HEAD Only return the header of the HTTP message, not the data content. Used to obtain attribute information such as the last update time of the file
CONNECT for proxy server

3.1.2 HTTP response message

  • Response message format:
<HTTP版本><空格><状态码><空格><响应短语>    // 状态行
<首部字段名>:<字段值>                       // 消息头
...
...
<首部字段名>:<字段值>
<消息主体>                                  // 消息体:包含服务端向客户端发送的数据,响应报文不一定存在该字段
  • HTTP status code :
Status code (33 types in total) meaning
1xx Notify the processing progress and status of the request
2xx Indicates success, such as accepting or knowing
3xx Redirect, indicating that further action is required
4xx Client errors, such as bad syntax in the request
5xx Server error, such as a server failure that could not complete the request

3.2 Working process of HTTP

3.2.1 HTTP/1.0

HTTP/1.0 uses a non-persistent connection method. In this mode, each time the browser requests a file, it must establish a TCP connection with the server , and close the connection immediately after receiving the response.
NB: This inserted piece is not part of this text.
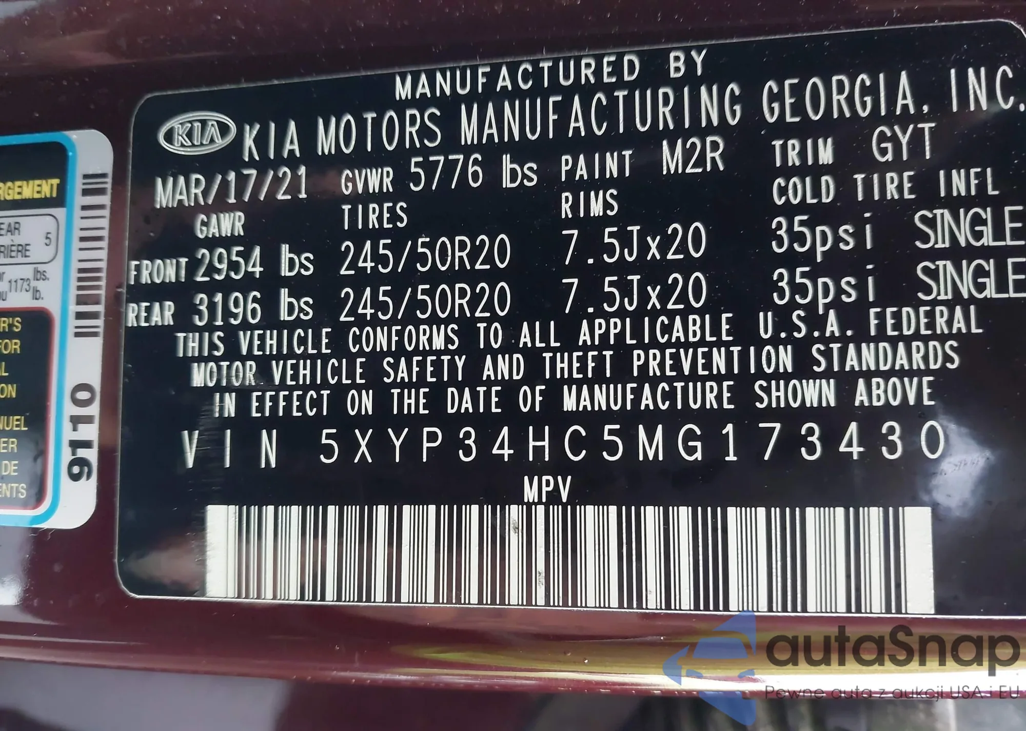 • VIN 5XYP34HC5MG173430

insert image description here

  • Each request for a document has an overhead of twice the RTT. If there are many reference objects (such as pictures, etc.) on a web page, it will take 2RTT to request each object.
  • In order to reduce the delay, the browser usually establishes multiple parallel TCP connections to request multiple objects at the same time . However, this will consume a lot of resources of the World Wide Web server, especially the World Wide Web server will often serve the requests of a large number of clients at the same time, which will make it a heavy burden.

3.2.2 HTTP/1.1

HTTP/1.1 uses a persistent connection method. In this mode, the World Wide Web server still maintains this connection after sending the response, so that the same client (browser) and the server can continue to transmit subsequent HTTP request messages and response messages on this connection . This is not limited to passing objects referenced on the same page, as long as those documents are all on the same server.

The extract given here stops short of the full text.